Note that xhtml:ul, xhtml:ol, xhtml:dl do not correspond to <ul>, <ol>, <dl> in the DESpecs!
xhtml-attribs
We use the following xhtml elements: table, caption, tr, th, td; dl, dt, dd; ol, ul, li. All these elements have Common.attrib (th and td via Cell.attrib). xml:lang and class are already in Common.attrib, and we add xml:id { xsd:NCName } to it (however, Common.attrib already includes the attribute id { xsd:ID })
xhtml-datatypes
xhtml-text
Dieses Modul wird nicht importiert. Stattdessen werden Inline.model und Flow.model durch echo.flexible.content ersetzt:
- Inline.model = echo.flexible.content
- Flow.model = echo.flexible.content
ursprüngliche Definitionen:
- Inline.model = (text | Inline.class)*
- Block.mix = Block.class
- Block.model = Block.mix+
- Flow.model = (text | Inline.class | Block.class)*
echo-import-mathml
Note: Simple mathematical terms, i.e. numbers and variables, are marked using echo.num and echo.var (defined in echo-mathematics).

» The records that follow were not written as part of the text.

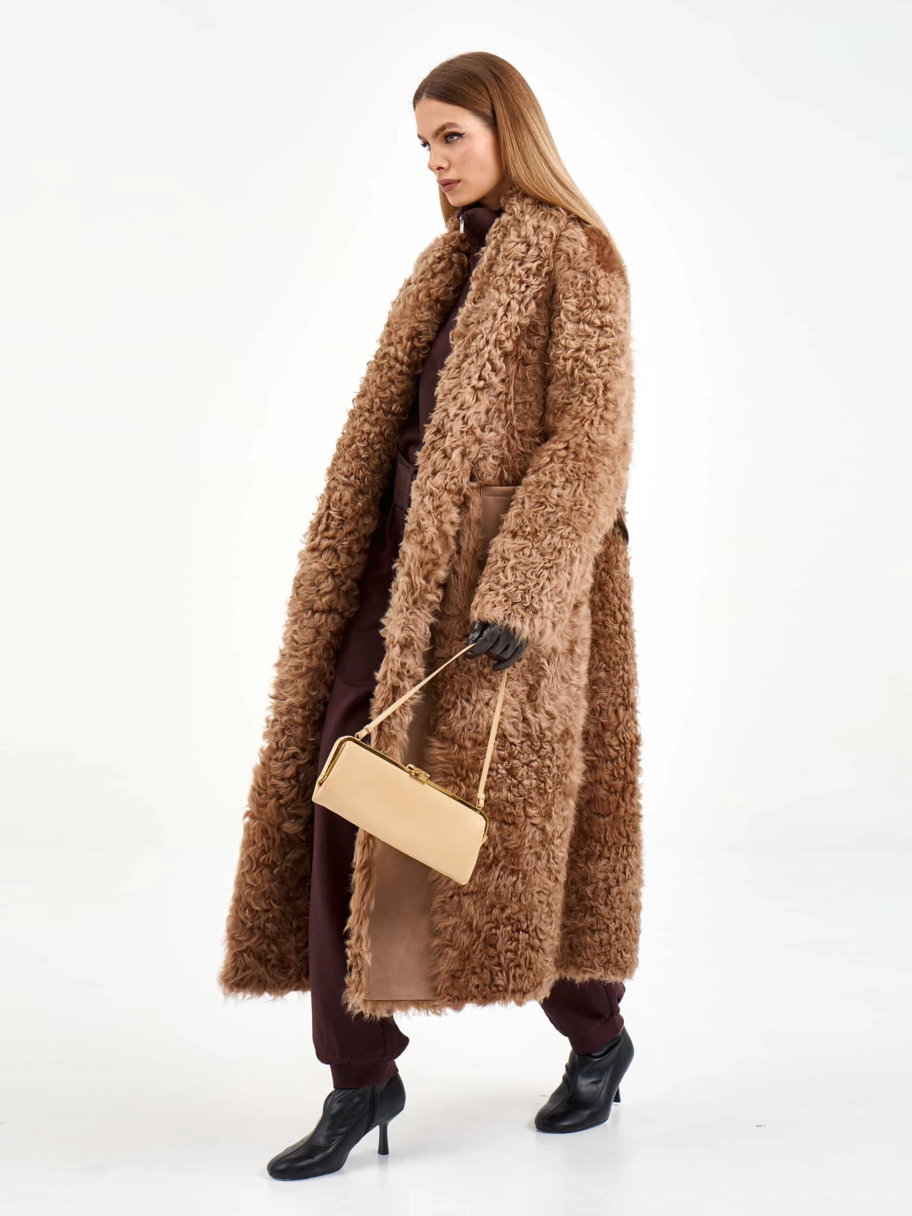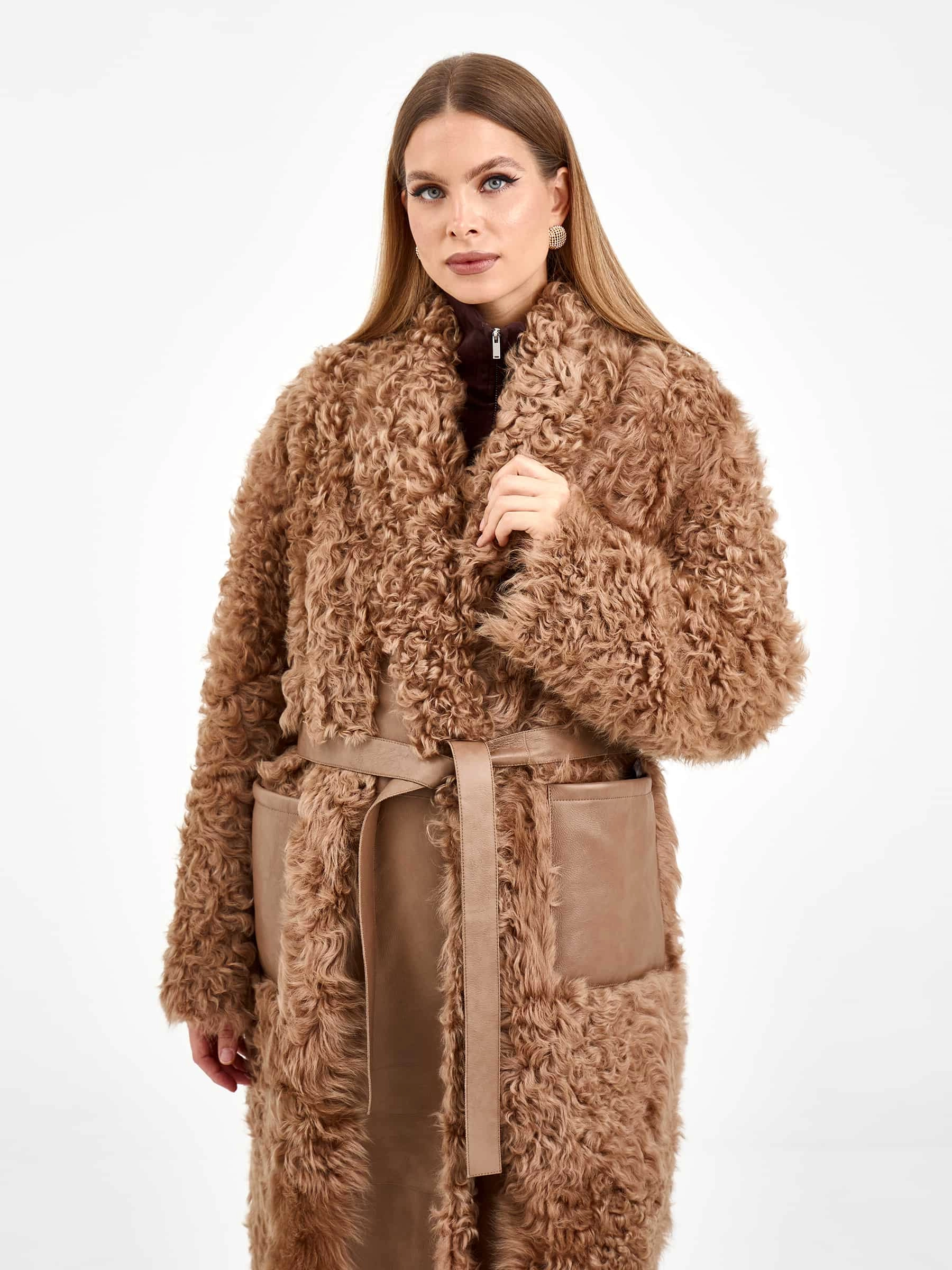 Товар пальто из натуральной овчины тиградо для женщин премиум класса 2020, светло-коричневое, размер 44, артикул 64300 выполнен из овчина "тиградо" с застежкой пояс. Рассчитан на сезон: осень-зима. Длина изделия 122 см, силуэт прямой.
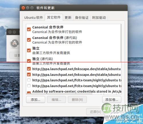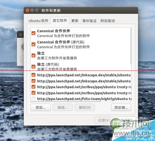 5、软件源添加后要检查一下所添加的软件源前面是否打了“√”,假如没打对勾的话是不会启用软件源的。
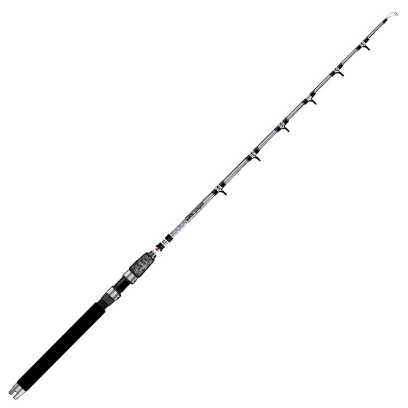 Caña de curricán de fibra de vidrio maciza, monopieza, cardán de grafito, mango EVA negro y camuflaje gris, anillas SIC. Existe en dos versiones, con anilla de punta de polea (naranja) o con anillas (azul)
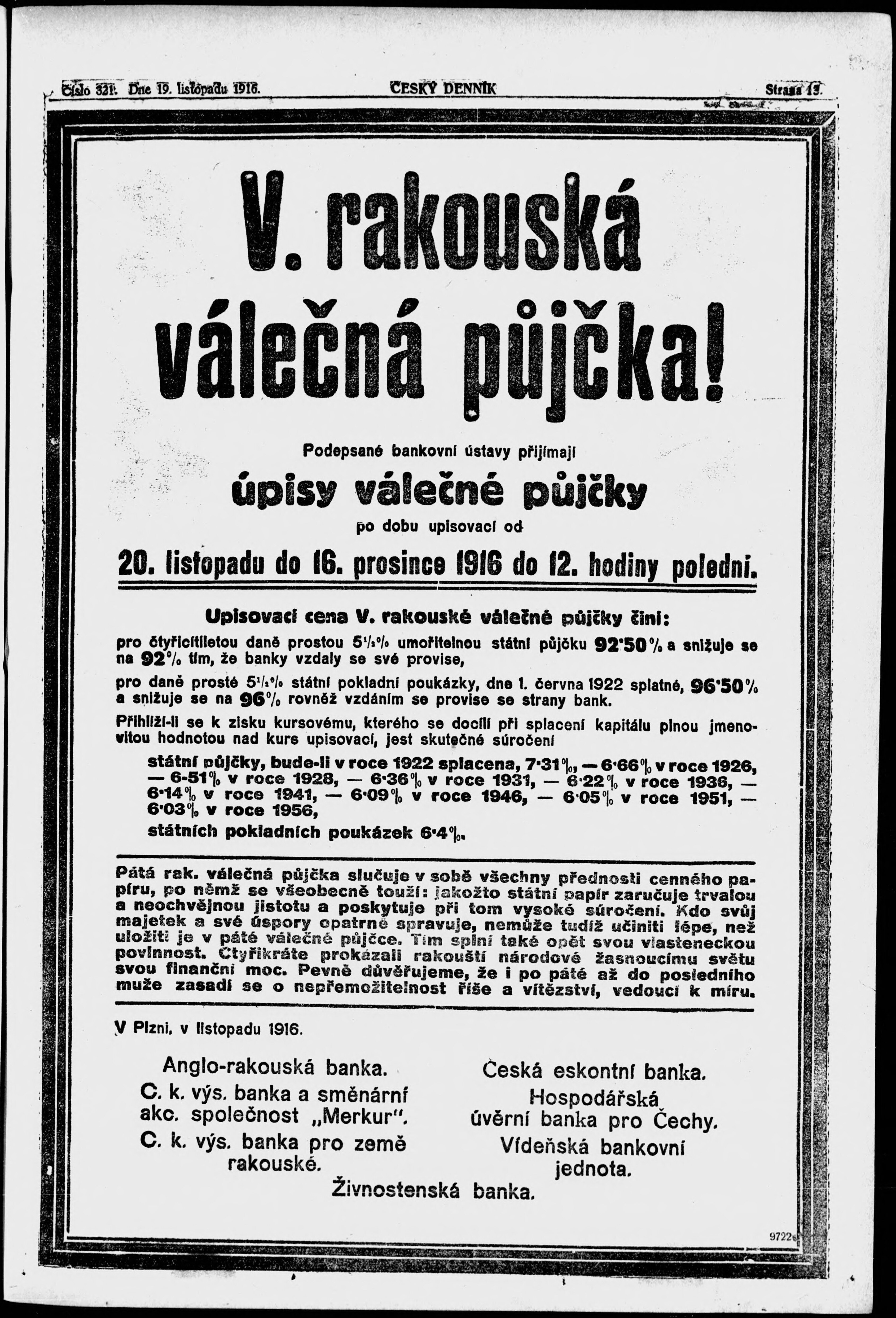 * Datum vydání výtisku: 19.11.1916 Číslo výtisku: 321

mml.math.content erlaubt beliebige Elemente <mml:*> innerhalb von <mml:math>.
This placeholder code above is good enough for the moment. We simply assume that the MathML parts are well-formed. This is plausible since the MathML code is created from a LaTeX formula by a MathML-converter.
In addition, Oxygen seems to have a separate validation engine for MathML.